EXERCISE AIM –
Would you repeat the data below exactly, taking out the images?
(Beginning of DATA RECORDS)
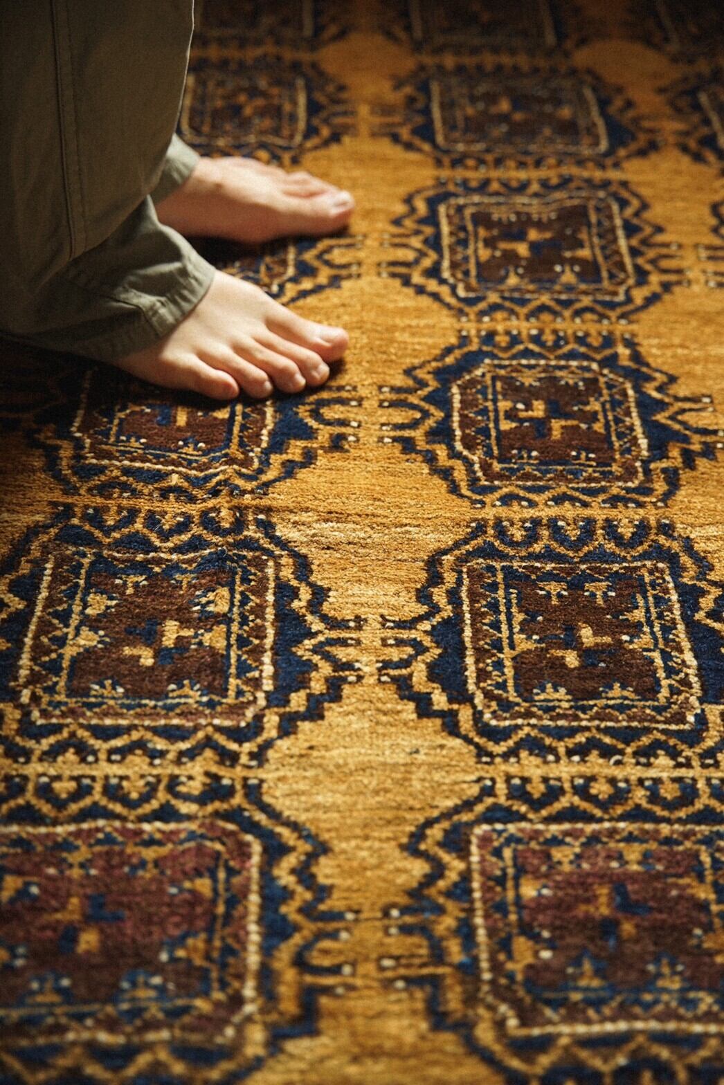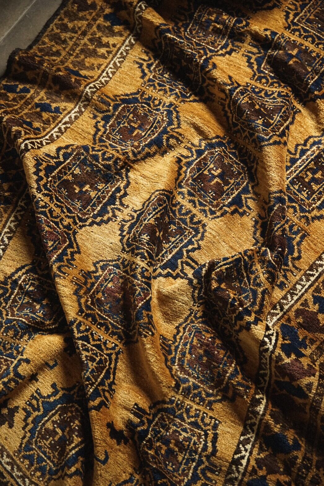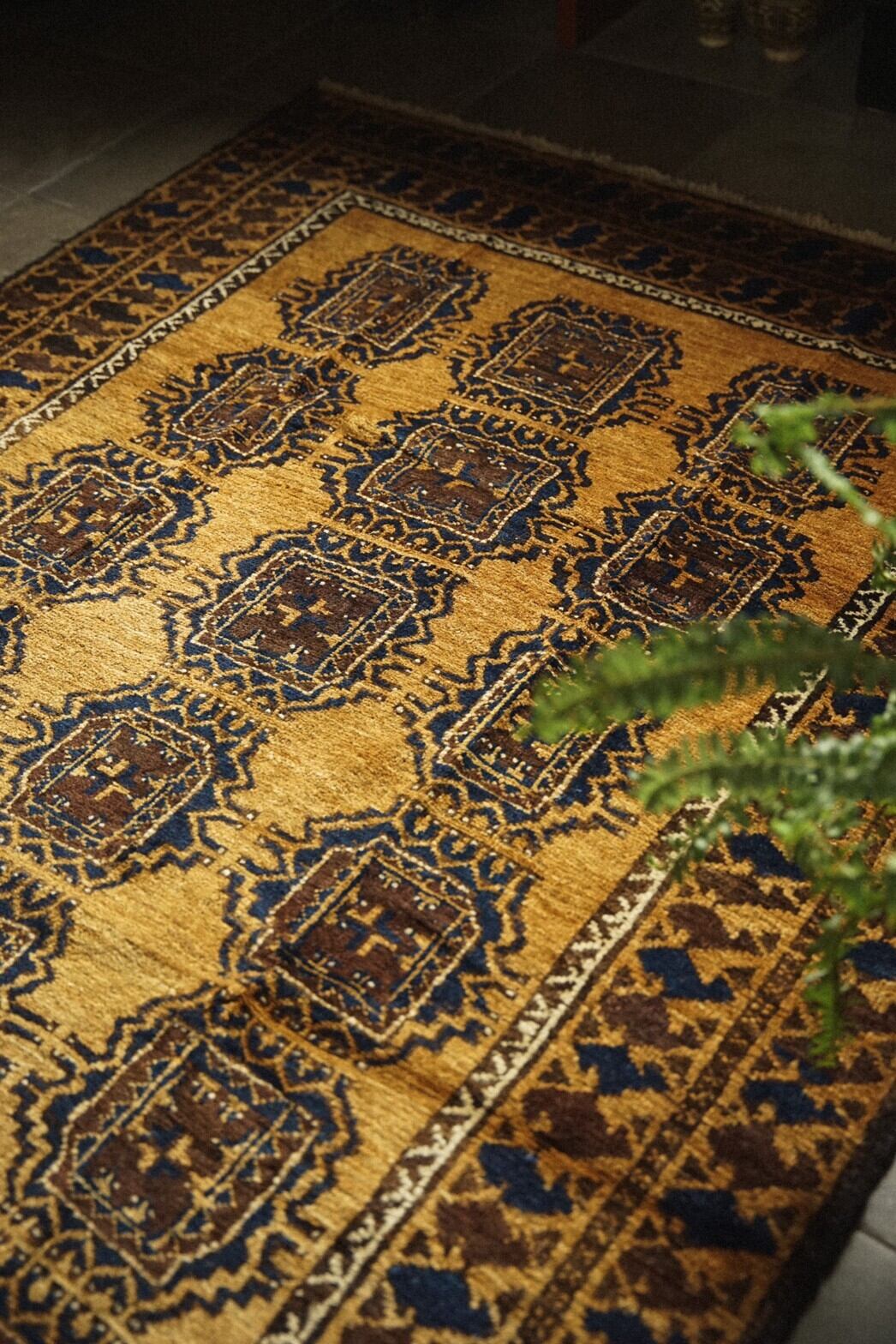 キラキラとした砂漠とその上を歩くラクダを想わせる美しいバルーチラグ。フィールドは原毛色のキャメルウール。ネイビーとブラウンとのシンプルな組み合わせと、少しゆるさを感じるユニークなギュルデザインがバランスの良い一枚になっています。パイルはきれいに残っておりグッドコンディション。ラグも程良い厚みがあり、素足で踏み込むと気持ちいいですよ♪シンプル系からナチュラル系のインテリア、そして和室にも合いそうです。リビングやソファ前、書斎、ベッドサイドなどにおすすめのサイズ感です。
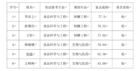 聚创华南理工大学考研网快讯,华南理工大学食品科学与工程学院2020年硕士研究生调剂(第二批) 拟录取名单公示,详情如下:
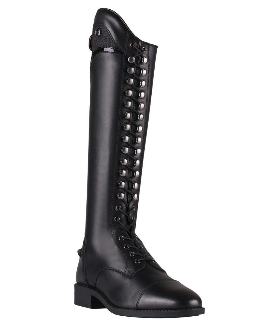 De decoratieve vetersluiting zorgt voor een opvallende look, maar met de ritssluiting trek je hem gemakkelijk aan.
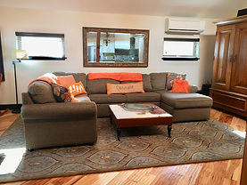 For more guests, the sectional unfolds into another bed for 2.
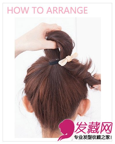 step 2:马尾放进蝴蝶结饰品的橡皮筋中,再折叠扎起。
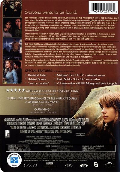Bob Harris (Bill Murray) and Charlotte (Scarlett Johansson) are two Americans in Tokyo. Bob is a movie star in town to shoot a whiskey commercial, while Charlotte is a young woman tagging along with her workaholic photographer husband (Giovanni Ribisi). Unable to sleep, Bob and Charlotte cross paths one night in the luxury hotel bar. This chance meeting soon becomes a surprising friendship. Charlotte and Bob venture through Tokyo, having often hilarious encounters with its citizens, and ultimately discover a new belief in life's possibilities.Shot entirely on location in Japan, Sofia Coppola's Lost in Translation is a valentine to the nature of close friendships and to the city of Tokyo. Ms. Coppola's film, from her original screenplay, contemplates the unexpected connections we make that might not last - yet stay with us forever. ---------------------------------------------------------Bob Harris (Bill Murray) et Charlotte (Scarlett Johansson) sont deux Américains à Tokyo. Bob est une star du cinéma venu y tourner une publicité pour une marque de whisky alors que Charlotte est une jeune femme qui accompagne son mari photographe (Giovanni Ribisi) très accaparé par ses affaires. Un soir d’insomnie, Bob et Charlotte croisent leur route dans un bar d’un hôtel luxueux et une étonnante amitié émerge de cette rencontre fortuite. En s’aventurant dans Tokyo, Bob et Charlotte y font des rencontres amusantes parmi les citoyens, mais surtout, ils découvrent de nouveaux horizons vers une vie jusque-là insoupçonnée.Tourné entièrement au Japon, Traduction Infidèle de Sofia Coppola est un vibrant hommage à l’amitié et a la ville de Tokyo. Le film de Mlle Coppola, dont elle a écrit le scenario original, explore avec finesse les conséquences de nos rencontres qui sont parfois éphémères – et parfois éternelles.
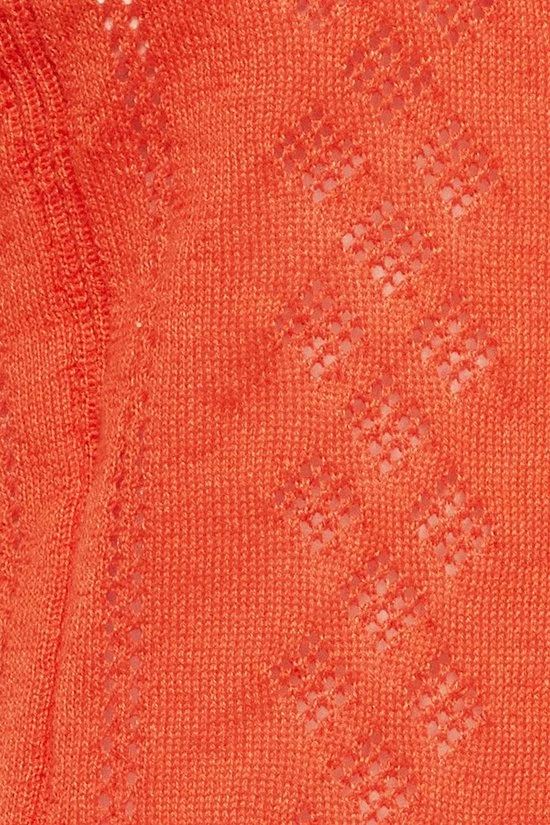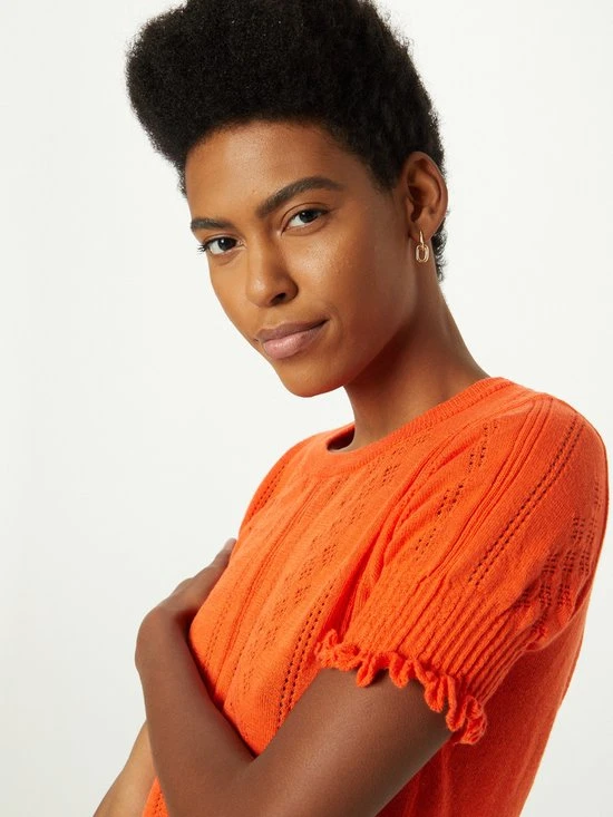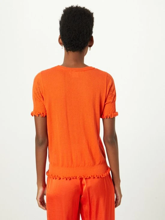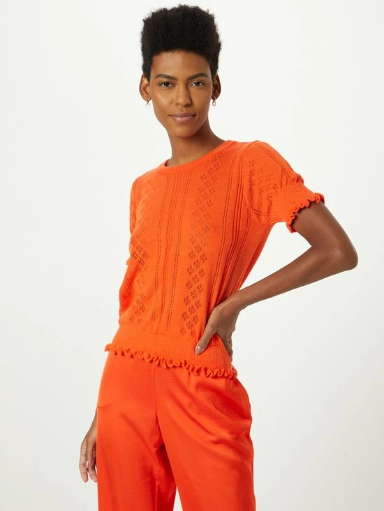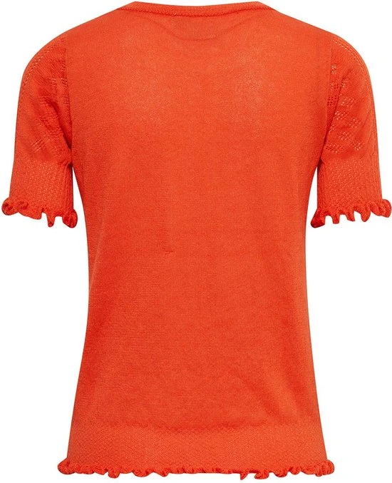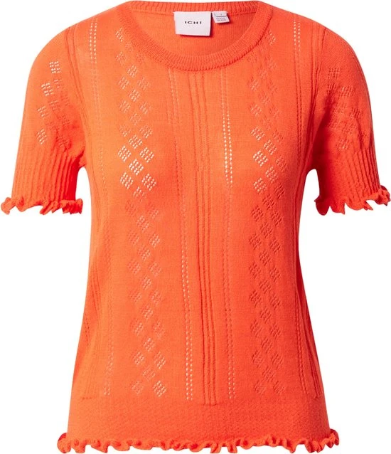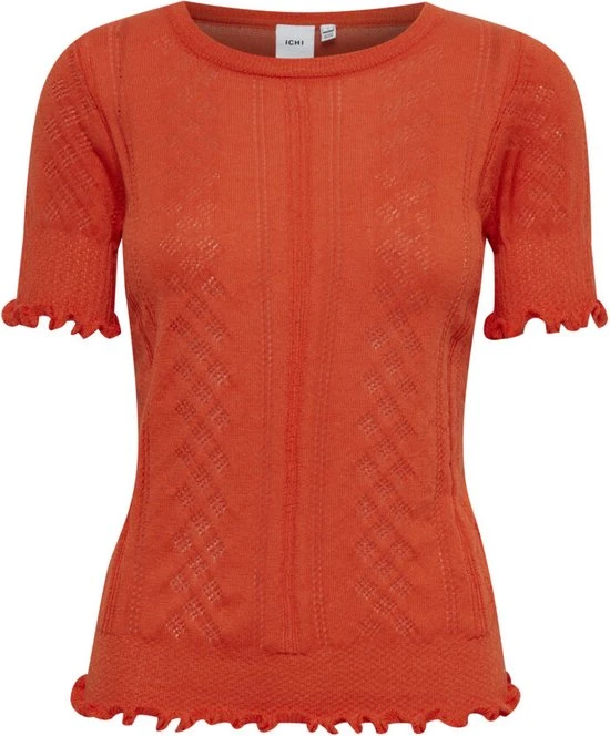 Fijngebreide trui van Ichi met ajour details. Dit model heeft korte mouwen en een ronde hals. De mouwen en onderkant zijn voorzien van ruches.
(End of DATA RECORDS)
RESULT OF THE EXERCISE –
 キラキラとした砂漠とその上を歩くラクダを想わせる美しいバルーチラグ。フィールドは原毛色のキャメルウール。ネイビーとブラウンとのシンプルな組み合わせと、少しゆるさを感じるユニークなギュルデザインがバランスの良い一枚になっています。パイルはきれいに残っておりグッドコンディション。ラグも程良い厚みがあり、素足で踏み込むと気持ちいいですよ♪シンプル系からナチュラル系のインテリア、そして和室にも合いそうです。リビングやソファ前、書斎、ベッドサイドなどにおすすめのサイズ感です。
 聚创华南理工大学考研网快讯,华南理工大学食品科学与工程学院2020年硕士研究生调剂(第二批) 拟录取名单公示,详情如下:
 De decoratieve vetersluiting zorgt voor een opvallende look, maar met de ritssluiting trek je hem gemakkelijk aan.
 For more guests, the sectional unfolds into another bed for 2.
 step 2:马尾放进蝴蝶结饰品的橡皮筋中,再折叠扎起。
Bob Harris (Bill Murray) and Charlotte (Scarlett Johansson) are two Americans in Tokyo. Bob is a movie star in town to shoot a whiskey commercial, while Charlotte is a young woman tagging along with her workaholic photographer husband (Giovanni Ribisi). Unable to sleep, Bob and Charlotte cross paths one night in the luxury hotel bar. This chance meeting soon becomes a surprising friendship. Charlotte and Bob venture through Tokyo, having often hilarious encounters with its citizens, and ultimately discover a new belief in life's possibilities.Shot entirely on location in Japan, Sofia Coppola's Lost in Translation is a valentine to the nature of close friendships and to the city of Tokyo. Ms. Coppola's film, from her original screenplay, contemplates the unexpected connections we make that might not last - yet stay with us forever. ---------------------------------------------------------Bob Harris (Bill Murray) et Charlotte (Scarlett Johansson) sont deux Américains à Tokyo. Bob est une star du cinéma venu y tourner une publicité pour une marque de whisky alors que Charlotte est une jeune femme qui accompagne son mari photographe (Giovanni Ribisi) très accaparé par ses affaires. Un soir d’insomnie, Bob et Charlotte croisent leur route dans un bar d’un hôtel luxueux et une étonnante amitié émerge de cette rencontre fortuite. En s’aventurant dans Tokyo, Bob et Charlotte y font des rencontres amusantes parmi les citoyens, mais surtout, ils découvrent de nouveaux horizons vers une vie jusque-là insoupçonnée.Tourné entièrement au Japon, Traduction Infidèle de Sofia Coppola est un vibrant hommage à l’amitié et a la ville de Tokyo. Le film de Mlle Coppola, dont elle a écrit le scenario original, explore avec finesse les conséquences de nos rencontres qui sont parfois éphémères – et parfois éternelles.
 Fijngebreide trui van Ichi met ajour details. Dit model heeft korte mouwen en een ronde hals. De mouwen en onderkant zijn voorzien van ruches.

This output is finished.